那东西被一件宽大的披风裹着,僵硬得像是一块木头。
母亲的眉头皱得更深了。
不知为何,看着那个被顾宴抱在怀里的轮廓,她的心跳得快得不正常,一阵阵心慌。
空气中那股刺鼻的恶臭扑面而来。
母亲下意识地抬手捂住口鼻,有些不安地问道:
“世子……您怀里抱着的,是什么东西?”
顾宴没有回答,只是冷冷地看了她一眼。
那眼神,冷得像是在看一个死人。
母亲被他的眼神看得浑身发毛,鬼使神差地往前走了两步。
下一刻,她双腿一软,重重地瘫倒在地上,喉咙里发出“赫赫”的干瘪哭声。
“这……这是……莺莺?!”
她像是不敢相信自己的眼睛,手脚并用地往前爬了两步。
颤抖着伸出手,想要去摸我的脸,却在半空中生生停住。
我生前最是个爱干净的性子,衣服上沾了一点灰尘都要换掉。
可如今,我浑身都是脏污和血迹,头发凌乱地散开,太阳穴上那个被火盆尖角戳出来的血洞,已经发黑干瘪。
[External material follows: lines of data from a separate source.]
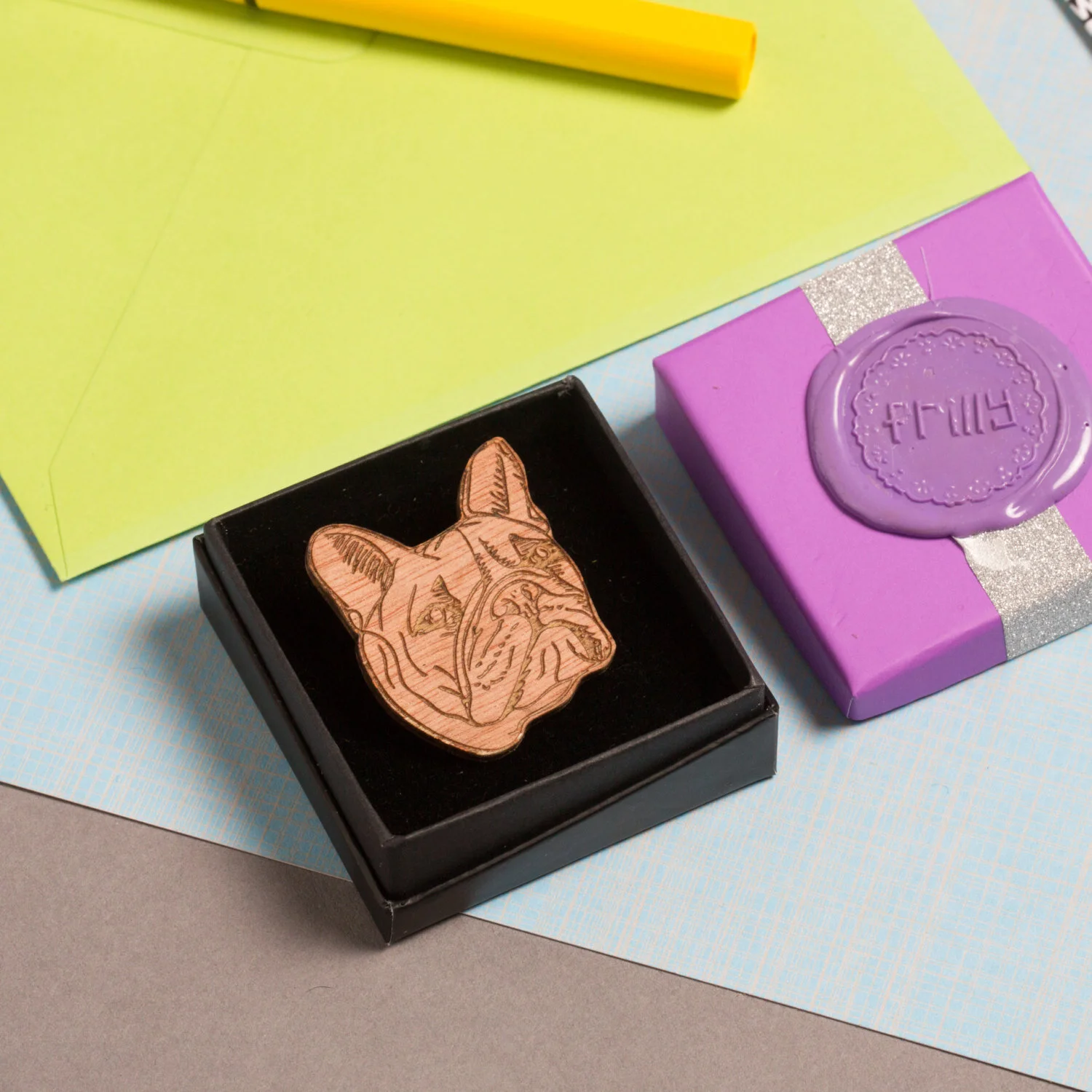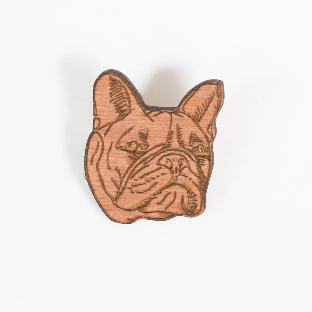 French Bulldog / Frenchie ~ wooden brooch / badge - gift for dog lovers
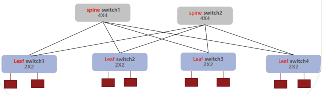 现在数据中心的组网也比较复杂,我们用的AI集群里面最简单的要求就是任意两个GPU之间或者服务器之间必须得有一条通路,这样才能够满足数据交换,可以看一下示意图,其中红色部分是GPU,上面有一层交换机,分别把GPU连起来,连成一个小的集群,再由上面的交换机把各交换机连接起来,这样下面的GPU可以连成一个集群,如果还要进一步扩展GPU的规模,就可以在上面再加第三层交换机,叫作核心交换机,这样就可以把GPU连成一个比较大的集群。
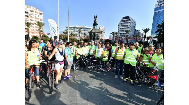 AB Türkiye Delegasyonu Basın Enformasyon ve İletişim Birimi Başkanı Maria Kanellopoulou da bisiklet kortejinde yer aldı. Başkan Tunç Soyer’e teşekkür eden Eşpedal Yönetim Kurulu Başkanı Saldıray Altındağ, Eşpedal’ın engelli bireyler ile engelsiz bireyler arasındaki mesafeleri birlikte pedallayarak aşan bir dernek olduğunu söyledi. Altındağ, etkinliğin, “tandem” olarak adlandırılan ve iki kişinin eşgüdüm içinde bisiklet kullanması amacıyla tasarlanan bu bisikletlerle görme engelli bireylerin bisiklet sürmesi fikrinden ortaya çıktığını anlattı. Altındağ, “Bisiklet kullanım kabiliyeti yüksek ve sorumluluk sahibi bisikletçi dostlarımız ile görme engelli arkadaşlarımızı, derneğimiz bünyesinde bulunan tandem bisikletler üzerinde buluşturarak şehir içi ve şehirlerarası turlar düzenliyoruz. Kamplı turlar gerçekleştirerek doğayı birlikte deneyimliyoruz” şeklinde konuştu. Böyle etkinliklerin kendisini çok mutlu ettiğini belirten Başkan Soyer ise “En kısa zamanda daha geniş kapsamlı bir etkinlik düzenleyeceğiz” dedi.
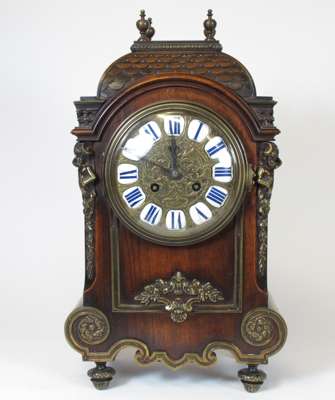 FRENCH WALNUT AND GILT METAL MOUNTED MANTEL CLOCK
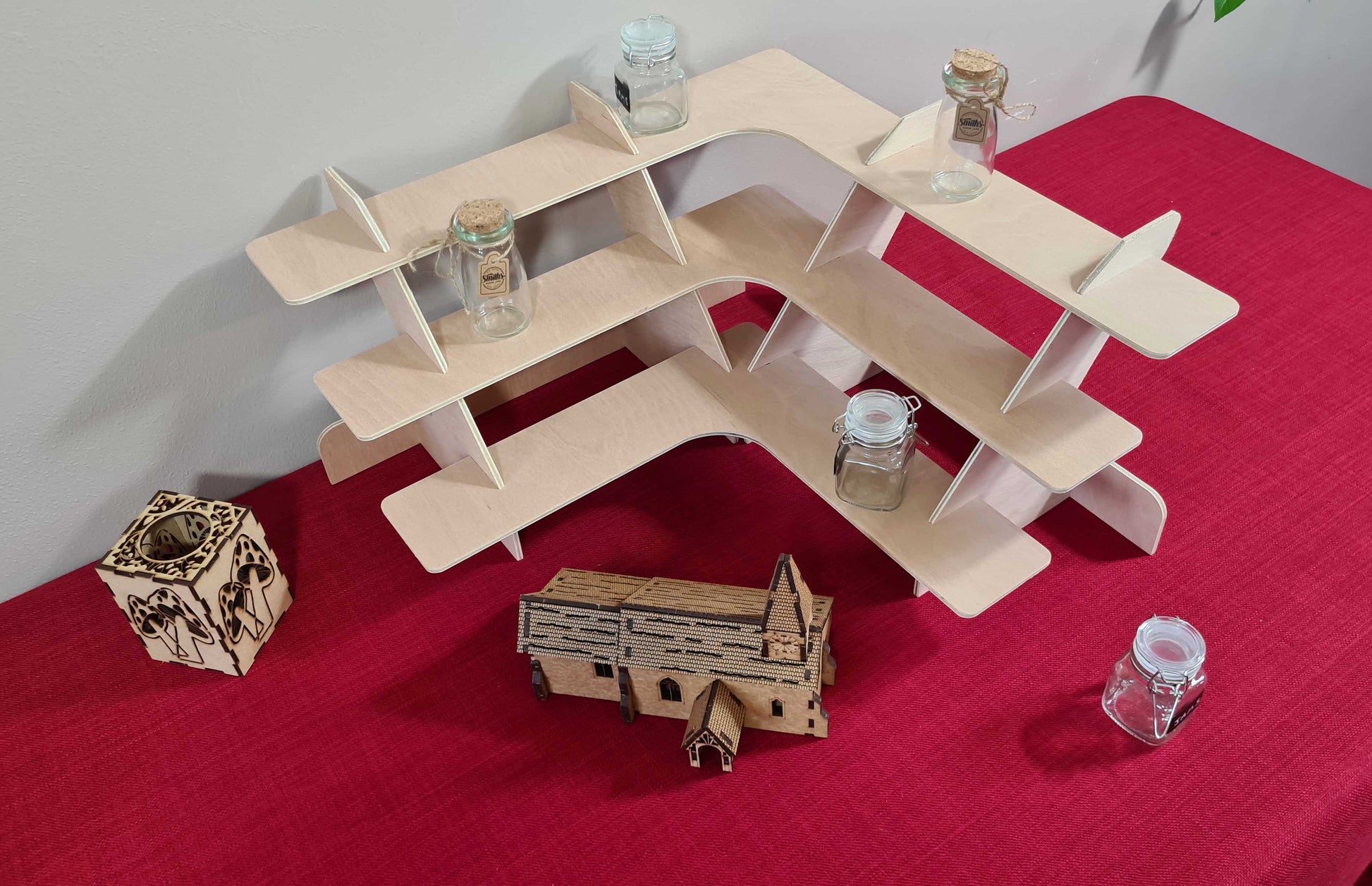 The wooden display stands are designed to be practical and portable, with each layer being easy to install and disassemble without screws and drills. They can be left in their natural state or painted to your tastes.

母亲的嘴唇剧烈地颤抖着,声音轻得仿佛怕惊扰了一场美梦。
“莺莺……娘来接你回家了。”
“你不是最爱吃娘做的桂花糕吗?娘再给你做,做很多很多,好不好?”
“你起来……娘不罚你了,娘以后再也不罚你了,好不好?”
她突然爆发出凄厉的哭喊声,疯了一般地冲着周围的下人尖叫:
“大夫!快去叫大夫啊!快去啊!”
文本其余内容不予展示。